• _Task_
Leave out the pictures, and retype the remaining data exactly.

• _Data below_
# # # #
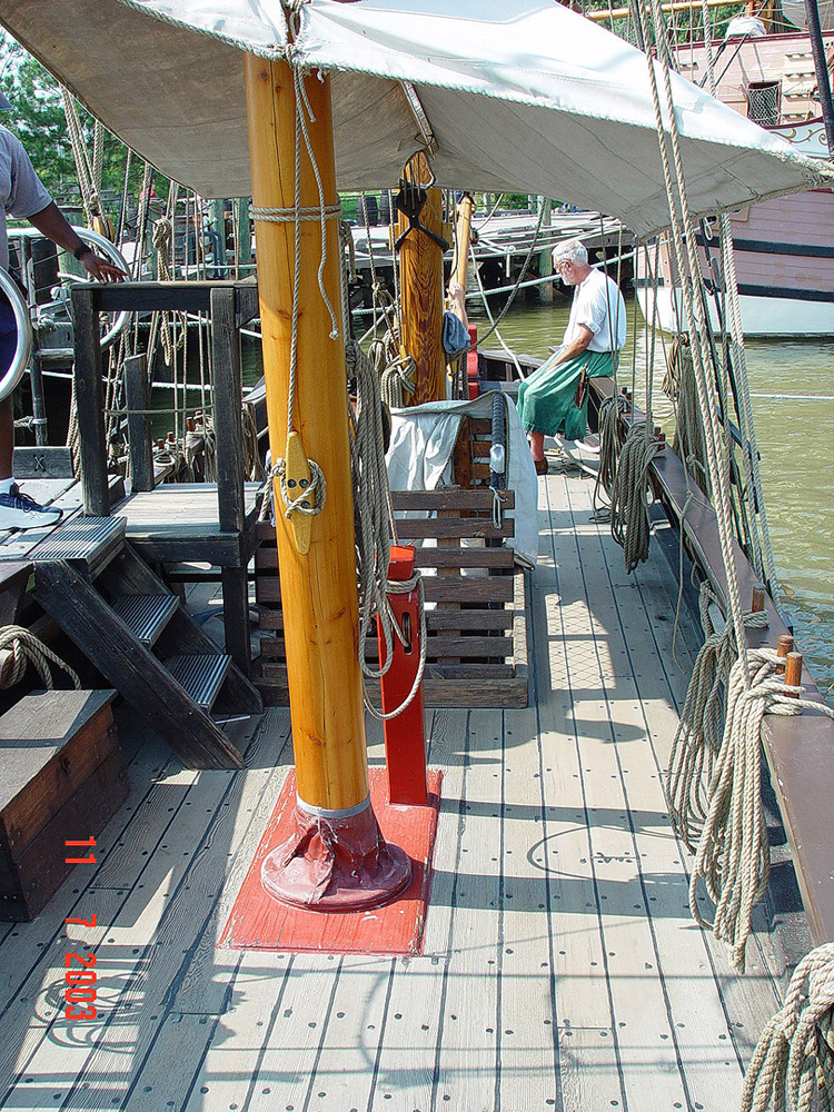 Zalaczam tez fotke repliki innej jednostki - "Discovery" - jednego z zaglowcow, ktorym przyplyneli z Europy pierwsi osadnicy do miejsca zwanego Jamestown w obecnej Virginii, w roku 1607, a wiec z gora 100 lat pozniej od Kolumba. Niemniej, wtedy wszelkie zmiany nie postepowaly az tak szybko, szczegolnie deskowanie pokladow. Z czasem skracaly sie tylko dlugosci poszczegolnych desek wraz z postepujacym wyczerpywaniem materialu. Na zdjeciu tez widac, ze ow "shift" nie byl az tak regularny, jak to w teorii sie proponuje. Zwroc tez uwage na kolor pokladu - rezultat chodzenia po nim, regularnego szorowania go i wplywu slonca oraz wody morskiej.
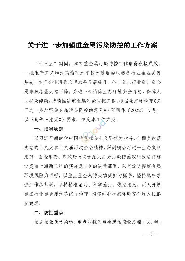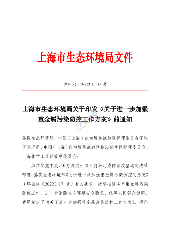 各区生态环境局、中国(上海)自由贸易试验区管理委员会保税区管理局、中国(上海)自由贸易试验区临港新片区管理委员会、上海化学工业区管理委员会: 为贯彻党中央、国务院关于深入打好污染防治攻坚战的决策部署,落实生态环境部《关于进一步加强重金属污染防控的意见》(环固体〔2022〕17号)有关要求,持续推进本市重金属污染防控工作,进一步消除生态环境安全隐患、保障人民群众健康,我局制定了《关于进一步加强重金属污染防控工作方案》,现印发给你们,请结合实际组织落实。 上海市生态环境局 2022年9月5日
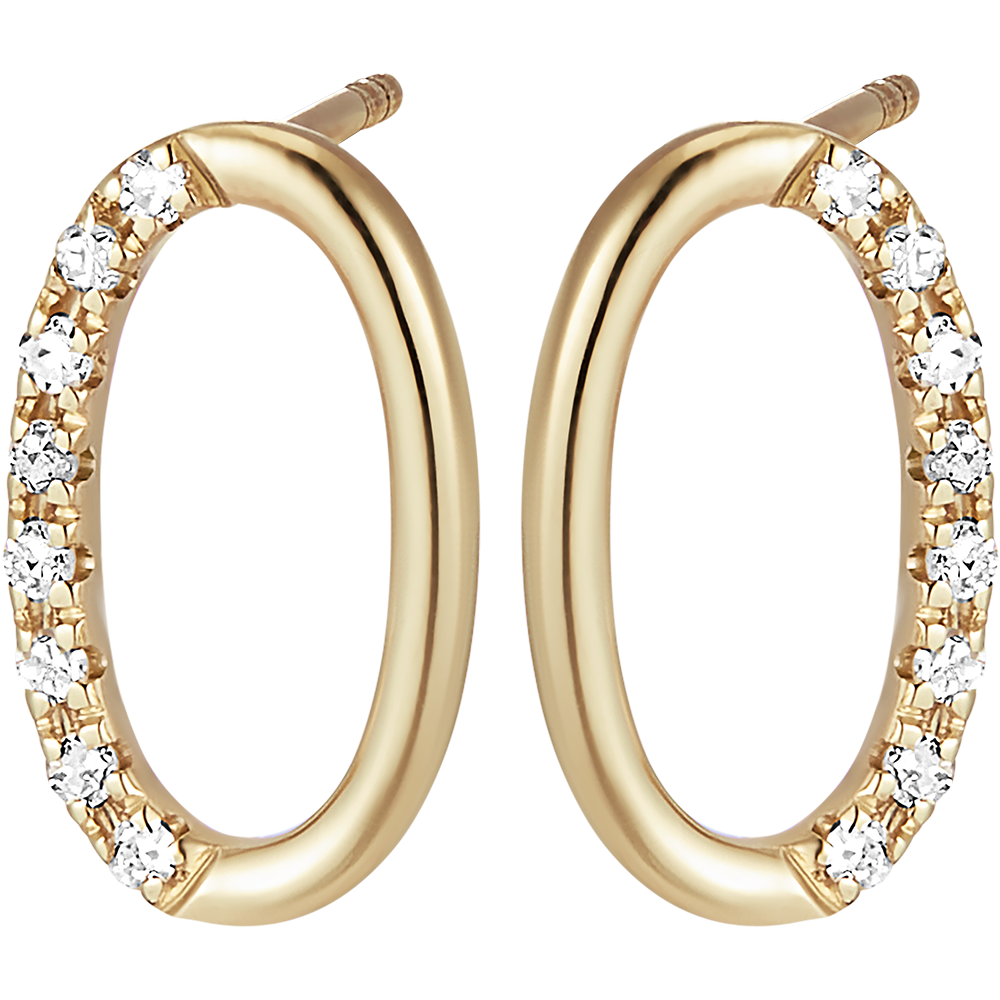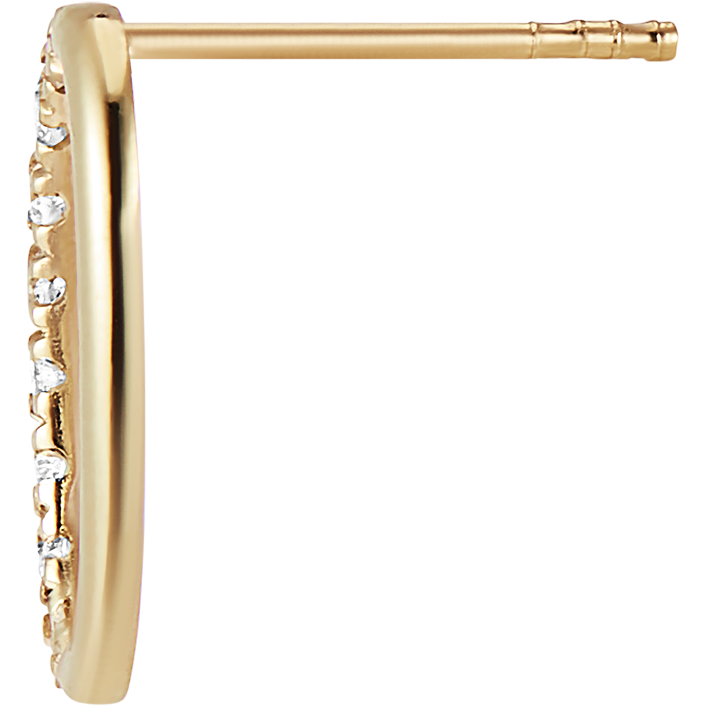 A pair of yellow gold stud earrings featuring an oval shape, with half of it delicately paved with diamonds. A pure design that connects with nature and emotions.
# # # #
• _Expected answer_
 Zalaczam tez fotke repliki innej jednostki - "Discovery" - jednego z zaglowcow, ktorym przyplyneli z Europy pierwsi osadnicy do miejsca zwanego Jamestown w obecnej Virginii, w roku 1607, a wiec z gora 100 lat pozniej od Kolumba. Niemniej, wtedy wszelkie zmiany nie postepowaly az tak szybko, szczegolnie deskowanie pokladow. Z czasem skracaly sie tylko dlugosci poszczegolnych desek wraz z postepujacym wyczerpywaniem materialu. Na zdjeciu tez widac, ze ow "shift" nie byl az tak regularny, jak to w teorii sie proponuje. Zwroc tez uwage na kolor pokladu - rezultat chodzenia po nim, regularnego szorowania go i wplywu slonca oraz wody morskiej.
 各区生态环境局、中国(上海)自由贸易试验区管理委员会保税区管理局、中国(上海)自由贸易试验区临港新片区管理委员会、上海化学工业区管理委员会: 为贯彻党中央、国务院关于深入打好污染防治攻坚战的决策部署,落实生态环境部《关于进一步加强重金属污染防控的意见》(环固体〔2022〕17号)有关要求,持续推进本市重金属污染防控工作,进一步消除生态环境安全隐患、保障人民群众健康,我局制定了《关于进一步加强重金属污染防控工作方案》,现印发给你们,请结合实际组织落实。 上海市生态环境局 2022年9月5日
 A pair of yellow gold stud earrings featuring an oval shape, with half of it delicately paved with diamonds. A pure design that connects with nature and emotions.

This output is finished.